Once the model is trained, we can apply it to the test set from which we remove the actual ratings (blind estimation). Then we join the predictions with the actual ratings and compute the difference.

In [40]:
predictions = model.predictAll(test.map(lambda x: (x[0], x[1])))
print "An example of prediction: ", predictions.first()
predictionsAndRatings = predictions \
    .map(lambda x: ((x[0], x[1]), x[2])) \
    .join(test.map(lambda x: ((x[0], x[1]), x[2])))
print "An example of predictions and ratings: ", predictionsAndRatings.first()

from operator import add
from math import sqrt
n = test.count()
testRMSE = sqrt(predictionsAndRatings.values().map(lambda x: (x[0] - x[1]) ** 2).reduce(add) / float(n))
print "RMSE = ", testRMSE

We can also use the **recommendProducts(user, nb)** method to recommand *nb* products (ie. movies) to a specific user.

In [42]:
model.recommendProducts(10,5)


##4. To continue your journey with Spark
### Comparing to a naive baseline
Does ALS output a non-trivial model? We can compare the evaluation result with a naive baseline model that only outputs the average rating (or you may try one that outputs the average rating per movie). Computing the baseline’s RMSE is straightforward:

In [44]:
meanRating = training.map(lambda x: x[2]).mean()
baselineRMSE = sqrt(test.map(lambda x: (meanRating - x[2]) ** 2).reduce(add) / n)
improvement = (baselineRMSE - testRMSE) / baselineRMSE * 100
print "The baseline RMSE is ", baselineRMSE, ", we improved it by ", improvement, "%"
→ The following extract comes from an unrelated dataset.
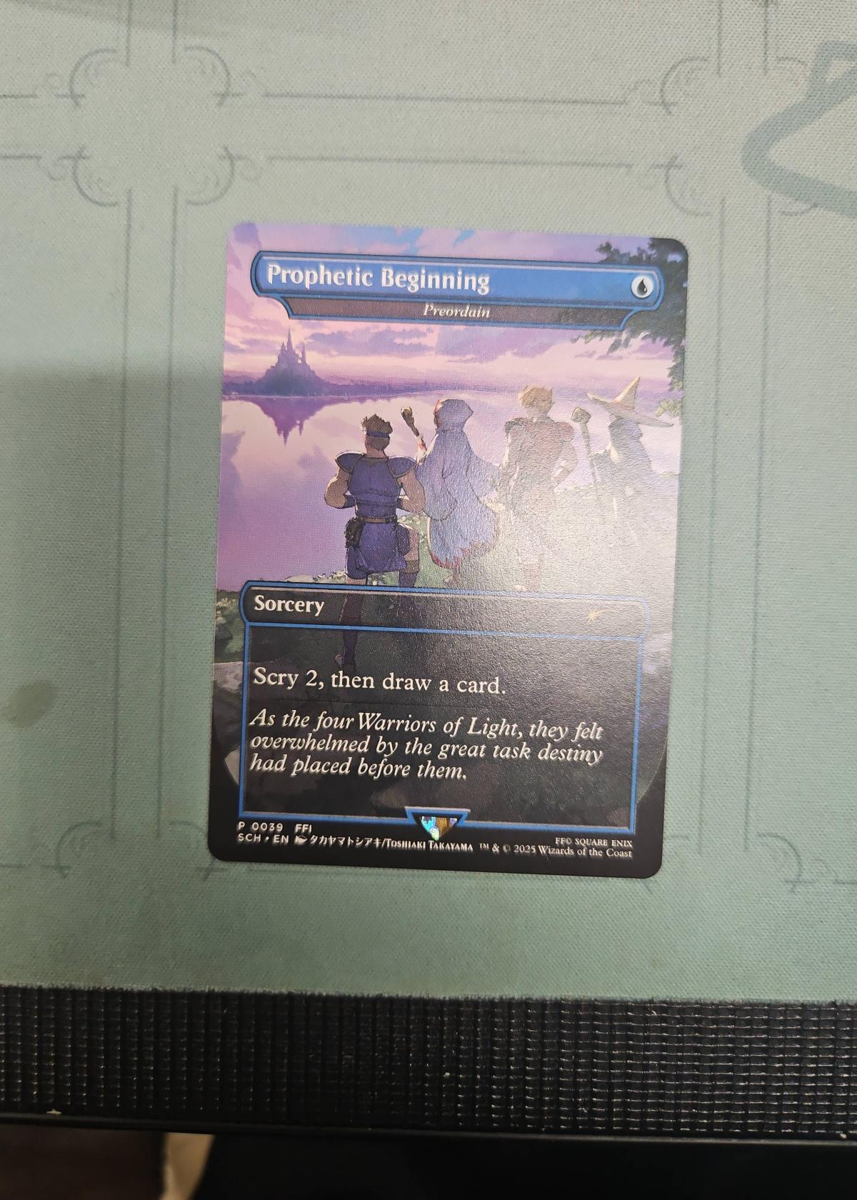 Prophetic Beginning is a special Magic: The Gathering card from the 'Secret Lair x Final Fantasy' set (SCH), with artwork by Toshiyuki Takayama. This card features English language (EN), card number 389, and has a normal (non-foil) printing. It is a reskin of the playable staple 'Preordain,' popular in many constructed formats, making it both highly collectible and potentially playable in meta decks. The card showcases the four Warriors of Light, a Final Fantasy theme, making it unique for collectors and fans of both franchises.

### Automatic cross validation and parameters selection
To improve the performance of our model, we could:
- correct the ratings above 5 or under 0.5
- round to the nearest .5 or not
- select better parameters through automatic cross validation

### Confusion Matrix
It would be a good thing to build a confusion matrix to understand where our model is good and where it is bad, ie. a matrix 10x10 where the lines are the ratings, the columns are the predictions and each cell gives the number of predictions we made in each class (ie. 0.5, 1.0, 1.5, etc.) for each real rating. Thus, the matrix diagonal should ideally contain all the values. This matrix could also be plot as a heatmap through Matplotlib.

### DataFrames (SparkSQL)

Try to do exercices 4, 5, 6 through SQL thanks to Spark DataFrames. You'll have to define a schema and to use the **toDF()** method.